Flash and Fire Point Test
At high temperatures depending upon the grades of bitumen, materials leave out volatiles. And these volatiles catches fire which is very hazardous and therefore it is essential to qualify this temperature for each bitumen grade. BIS defined the flashpoint as the temperature at which the vapour of bitumen momentarily catches fire in the form of flash under specified test conditions. The fire point is defined as the lowest temperature under specified test conditions at which the bituminous material gets ignited and burns.

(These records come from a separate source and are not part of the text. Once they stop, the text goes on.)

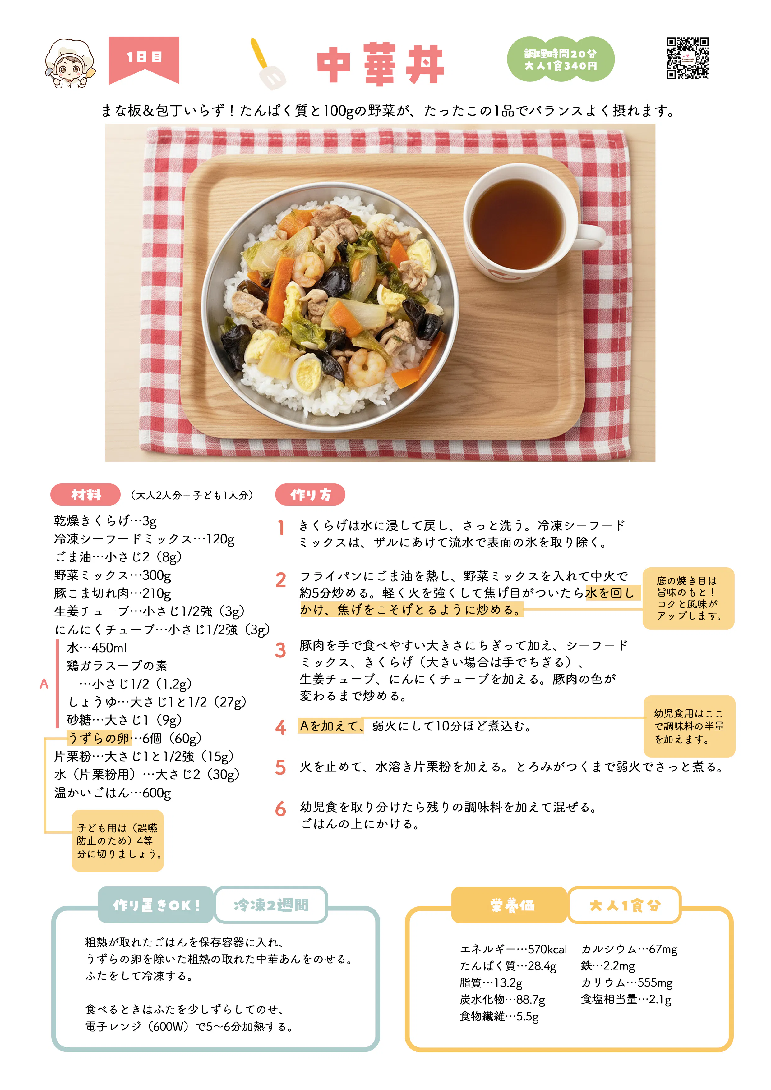さらに幼児食取り分けガイドつきなので、子ども(1歳半~)と大人の食事が同時に完成。帰宅後の面倒くさいを解消します。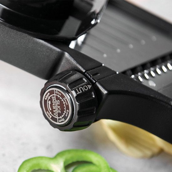 - Verstelbare snijdikte (0–9 mm) waardoor je dunne plakjes, julienne en wafelfrites maakt met één apparaat.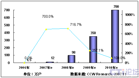 2008年,隨著3G在中國商用,以及奧運帶來豐富視頻內(nèi)容,將推動手機電視作為一項重要的移動增值業(yè)務(wù)將進入市場發(fā)展期;同時隨著網(wǎng)絡(luò)、終端、內(nèi)容、商業(yè)模式等因素的發(fā)展,產(chǎn)業(yè)鏈初步完善,看好手機電視業(yè)務(wù)的產(chǎn)業(yè)鏈各環(huán)節(jié)大力介入,北京奧運會將大大激發(fā)用戶使用手機電視業(yè)務(wù)的熱情,從而推動手機電視進入快速發(fā)展階段。根據(jù)計世資訊預(yù)計,2008年中國手機電視用戶將達到400萬。

Normally the consistency of bituminous material can be measured either by penetration test or viscosity test. But for a certain range of consistencies, these tests are not applicable and Float test is used. The apparatus consists of an aluminium float and a brass collar filled with bitumen to be tested. The specimen in the mould is cooled to a temperature of 5°C and screwed in to float. The total test assembly is floated in the water bath at 50°C and the time required for water to pass its way through the specimen plug is noted in seconds and is expressed as the float value.
Water Content Test
It is desirable that the bitumen contains minimum water content to prevent foaming of the bitumen when it is heated above the boiling point of water. The water in bitumen is determined by mixing the known weight of specimen in a pure petroleum distillate free from water, heating, and distilling off the water. The weight of the water condensed and collected is expressed as a percentage by weight of the original sample. The allowable maximum water content should not be more than 0.2% by weight.
Loss on Heating Test
When the bitumen is heated it loses the volatility and gets hardened. About 50gm of the sample is weighed and heated to a temperature of 163°C for 5 hours in a specified oven designed for this test. The sample specimen is weighed again after the heating period and loss in weight is expressed a percentage by weight of the original sample. Bitumen used in pavement mixes should not indicate more than 1% loss in weight, but for bitumen having penetration values 150-200 up to 2% loss in weight is allowed.